Files as Persistent Storage and Data Exchange A file is a place on a physical disk where information is stored. Programs need files to transfer data between computers and to keep data after the program ends, because memory is freed when a process terminates. Files can also feed data into a program by being read as input.
Standardized Types: MIME’s Type/Subtype Model Files can be categorized by standards, not only by informal labels like images or audio. MIME describes a file by a type and a subtype, such as text/plain. Tools can recognize that C source code is a textual file, while plain text is labeled accordingly.
Readable Text vs Program‑Specific Binary Text files are readable in any text editor. Binary files store data in program‑specific formats and are mostly unreadable in a text editor. Images and audio files are typical binaries that require the right programs to interpret their contents.
From Idea to cat: Parsing Arguments and Validating Input A cat‑like program in C includes standard headers and reads command‑line arguments via argc and argv. The executable name is argv[0], so a filename at argv[1] is required to know which file to print. On a wrong argument count, print an error with fprintf and terminate using exit, which ends the program with a status and can be called from any function, unlike return.
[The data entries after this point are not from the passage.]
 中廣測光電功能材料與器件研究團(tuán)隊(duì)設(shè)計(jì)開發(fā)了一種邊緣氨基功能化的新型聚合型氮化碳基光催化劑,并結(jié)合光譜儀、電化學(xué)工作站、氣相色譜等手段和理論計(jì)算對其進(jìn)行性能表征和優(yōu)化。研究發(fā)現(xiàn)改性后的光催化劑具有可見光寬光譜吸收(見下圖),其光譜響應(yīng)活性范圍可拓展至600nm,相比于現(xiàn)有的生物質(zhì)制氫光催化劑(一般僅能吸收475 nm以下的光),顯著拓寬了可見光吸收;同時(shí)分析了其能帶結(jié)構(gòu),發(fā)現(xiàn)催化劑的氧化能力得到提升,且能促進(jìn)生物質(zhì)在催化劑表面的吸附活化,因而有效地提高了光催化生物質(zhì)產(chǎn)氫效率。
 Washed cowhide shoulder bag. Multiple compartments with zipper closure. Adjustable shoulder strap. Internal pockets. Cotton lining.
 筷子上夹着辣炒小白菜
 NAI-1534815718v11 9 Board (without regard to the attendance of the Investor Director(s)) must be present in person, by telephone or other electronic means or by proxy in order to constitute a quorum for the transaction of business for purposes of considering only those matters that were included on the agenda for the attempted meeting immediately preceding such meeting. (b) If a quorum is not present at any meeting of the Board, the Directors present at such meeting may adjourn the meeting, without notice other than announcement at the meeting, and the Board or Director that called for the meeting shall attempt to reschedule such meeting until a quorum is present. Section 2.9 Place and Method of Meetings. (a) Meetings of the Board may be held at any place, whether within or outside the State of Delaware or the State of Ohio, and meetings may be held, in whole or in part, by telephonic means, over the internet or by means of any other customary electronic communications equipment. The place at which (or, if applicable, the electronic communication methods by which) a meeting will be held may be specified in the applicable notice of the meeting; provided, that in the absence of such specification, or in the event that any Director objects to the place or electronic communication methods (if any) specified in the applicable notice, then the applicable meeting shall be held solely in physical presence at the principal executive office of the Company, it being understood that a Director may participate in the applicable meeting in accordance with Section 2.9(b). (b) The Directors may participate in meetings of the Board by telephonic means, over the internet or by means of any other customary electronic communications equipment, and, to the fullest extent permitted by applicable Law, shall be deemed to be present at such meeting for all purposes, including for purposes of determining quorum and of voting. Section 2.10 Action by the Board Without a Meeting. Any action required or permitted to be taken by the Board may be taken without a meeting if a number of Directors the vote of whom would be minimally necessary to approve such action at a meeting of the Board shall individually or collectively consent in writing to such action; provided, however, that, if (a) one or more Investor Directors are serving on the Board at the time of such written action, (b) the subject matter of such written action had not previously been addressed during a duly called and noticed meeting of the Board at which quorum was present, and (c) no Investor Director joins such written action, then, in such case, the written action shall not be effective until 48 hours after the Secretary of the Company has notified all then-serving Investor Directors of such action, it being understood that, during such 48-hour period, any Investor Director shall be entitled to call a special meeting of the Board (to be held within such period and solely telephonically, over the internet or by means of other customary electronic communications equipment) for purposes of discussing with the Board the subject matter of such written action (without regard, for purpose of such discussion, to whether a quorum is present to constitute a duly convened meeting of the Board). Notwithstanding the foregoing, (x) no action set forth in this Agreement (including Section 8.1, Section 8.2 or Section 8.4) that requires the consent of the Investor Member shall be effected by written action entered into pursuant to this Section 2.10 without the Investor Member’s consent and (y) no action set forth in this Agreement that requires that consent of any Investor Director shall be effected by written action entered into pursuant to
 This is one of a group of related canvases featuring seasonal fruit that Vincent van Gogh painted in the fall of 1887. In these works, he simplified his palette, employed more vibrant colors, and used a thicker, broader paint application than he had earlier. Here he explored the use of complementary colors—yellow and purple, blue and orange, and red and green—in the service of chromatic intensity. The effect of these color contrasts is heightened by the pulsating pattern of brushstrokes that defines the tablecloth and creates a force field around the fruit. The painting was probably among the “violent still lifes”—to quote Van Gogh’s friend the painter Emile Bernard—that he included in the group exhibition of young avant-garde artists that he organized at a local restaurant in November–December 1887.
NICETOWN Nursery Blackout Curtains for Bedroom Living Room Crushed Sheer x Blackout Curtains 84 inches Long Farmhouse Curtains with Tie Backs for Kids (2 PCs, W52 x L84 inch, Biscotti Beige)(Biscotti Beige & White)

stdout vs stderr and Shell Redirection Standard input provides data to programs, while standard output and standard error are distinct channels for normal results and error messages. Linux redirection lets you separate them using operators like > for output and 2> for errors. File‑oriented C functions can target these streams, so one fprintf can write either to a file or to stderr.
Opening a File with fopen and Understanding Modes fopen returns a FILE pointer representing a stream to the file’s data. Pass the path from argv[1] and a mode string: "r" reads from the beginning, "w" truncates or creates for writing, and "a" appends at the end. Other variants allow combined reading and writing; on failure fopen returns NULL.
Detecting Open Errors and Exiting Cleanly Always check whether the FILE pointer is NULL after fopen to catch issues like a missing file. If opening fails, print a clear message to stderr and exit with a failure code. If it succeeds, the cursor starts at the beginning and the stream is ready for processing.
Character‑by‑Character Reading with fgetc and putchar fgetc reads one character from the stream and advances the cursor position. It returns an integer code for the character, which can be sent to the screen with putchar. A single call prints one character; printing the whole file requires iteration.
EOF Is a Sentinel Value, Not a Printable Character When no more data remains, fgetc returns EOF (typically −1). EOF is not a real file byte, so trying to print it produces a placeholder like a question mark. An endless loop that keeps printing after the end will repeat that placeholder indefinitely.
A Safe Loop to Read Until the End Read the first character before entering the loop and continue while it differs from EOF. Inside, print the character and fetch the next one to let EOF stop the iteration. This pattern prints the entire file correctly and never attempts to render EOF.
Remember to fclose: Releasing the Stream Closing with fclose frees resources and finalizes buffered operations. Relying on implicit closure at program termination is unsafe in larger scenarios. Pair every fopen with a matching fclose to avoid resource leaks.
A Stress Test: Creating 10,000 Files Generating names and opening thousands of files for writing exposes the cost of forgetting fclose. The run ends with a segmentation fault, many files exist only up to a low index, and their contents are empty. The program crashes before buffered data is flushed to disk.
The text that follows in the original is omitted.